- PROBLEM -
Return only the lines of the listing below that run from the line with "阳光普照,鲜花绽放。岁月年轮" through the line with "Hi this is my", both ends included, exactly as written.

- SOURCE RECORDS -
§ §
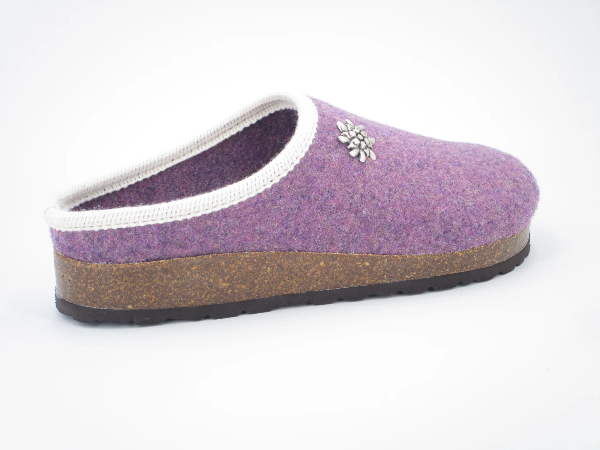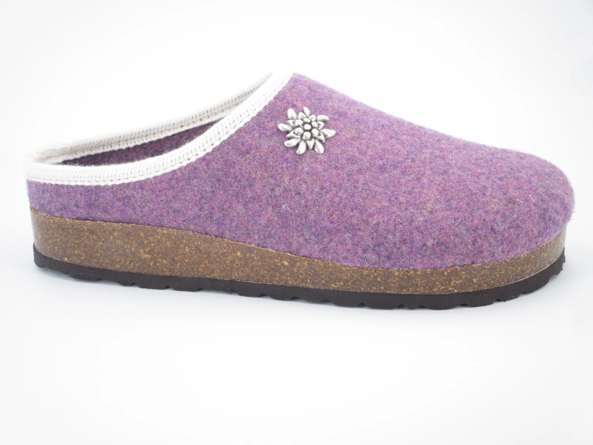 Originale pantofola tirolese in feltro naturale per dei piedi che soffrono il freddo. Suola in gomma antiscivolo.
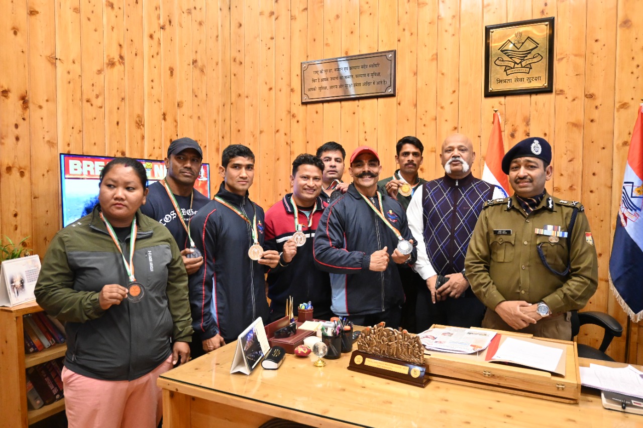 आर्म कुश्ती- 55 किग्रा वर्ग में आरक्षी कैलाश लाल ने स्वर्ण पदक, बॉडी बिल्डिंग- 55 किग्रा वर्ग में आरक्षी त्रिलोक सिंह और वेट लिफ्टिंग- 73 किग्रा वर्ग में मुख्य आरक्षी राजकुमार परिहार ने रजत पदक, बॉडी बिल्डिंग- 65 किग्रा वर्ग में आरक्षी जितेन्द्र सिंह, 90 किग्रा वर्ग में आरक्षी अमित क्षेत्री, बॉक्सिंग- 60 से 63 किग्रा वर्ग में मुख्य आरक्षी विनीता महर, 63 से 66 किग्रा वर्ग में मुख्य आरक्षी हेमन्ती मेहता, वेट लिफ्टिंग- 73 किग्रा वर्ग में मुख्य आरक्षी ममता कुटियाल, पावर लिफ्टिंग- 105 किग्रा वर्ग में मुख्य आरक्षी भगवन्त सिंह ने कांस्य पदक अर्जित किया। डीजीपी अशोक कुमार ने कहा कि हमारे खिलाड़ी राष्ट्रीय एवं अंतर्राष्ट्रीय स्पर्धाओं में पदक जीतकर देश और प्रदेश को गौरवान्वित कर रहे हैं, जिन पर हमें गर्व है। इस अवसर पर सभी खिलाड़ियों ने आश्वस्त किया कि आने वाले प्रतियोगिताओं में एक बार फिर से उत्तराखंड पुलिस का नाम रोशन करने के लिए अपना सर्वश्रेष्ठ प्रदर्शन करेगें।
§ §
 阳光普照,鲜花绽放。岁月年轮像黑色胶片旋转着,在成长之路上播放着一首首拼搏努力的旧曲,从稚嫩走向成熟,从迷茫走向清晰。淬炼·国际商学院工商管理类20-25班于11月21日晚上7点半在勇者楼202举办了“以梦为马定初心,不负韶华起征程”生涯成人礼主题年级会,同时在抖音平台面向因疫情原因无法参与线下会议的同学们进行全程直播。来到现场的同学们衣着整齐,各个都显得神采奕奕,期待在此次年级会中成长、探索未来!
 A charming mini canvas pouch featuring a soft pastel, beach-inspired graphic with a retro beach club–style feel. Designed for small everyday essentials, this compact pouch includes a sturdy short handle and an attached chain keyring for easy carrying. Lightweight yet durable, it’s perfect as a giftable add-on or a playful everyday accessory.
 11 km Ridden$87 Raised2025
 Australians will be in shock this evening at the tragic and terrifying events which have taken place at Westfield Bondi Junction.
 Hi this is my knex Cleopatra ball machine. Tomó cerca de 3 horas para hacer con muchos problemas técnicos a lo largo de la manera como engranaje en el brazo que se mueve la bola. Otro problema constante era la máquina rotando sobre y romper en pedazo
§ §
- TASK RESULT -
 阳光普照,鲜花绽放。岁月年轮像黑色胶片旋转着,在成长之路上播放着一首首拼搏努力的旧曲,从稚嫩走向成熟,从迷茫走向清晰。淬炼·国际商学院工商管理类20-25班于11月21日晚上7点半在勇者楼202举办了“以梦为马定初心,不负韶华起征程”生涯成人礼主题年级会,同时在抖音平台面向因疫情原因无法参与线下会议的同学们进行全程直播。来到现场的同学们衣着整齐,各个都显得神采奕奕,期待在此次年级会中成长、探索未来!
 A charming mini canvas pouch featuring a soft pastel, beach-inspired graphic with a retro beach club–style feel. Designed for small everyday essentials, this compact pouch includes a sturdy short handle and an attached chain keyring for easy carrying. Lightweight yet durable, it’s perfect as a giftable add-on or a playful everyday accessory.
 11 km Ridden$87 Raised2025
 Australians will be in shock this evening at the tragic and terrifying events which have taken place at Westfield Bondi Junction.
 Hi this is my knex Cleopatra ball machine. Tomó cerca de 3 horas para hacer con muchos problemas técnicos a lo largo de la manera como engranaje en el brazo que se mueve la bola. Otro problema constante era la máquina rotando sobre y romper en pedazo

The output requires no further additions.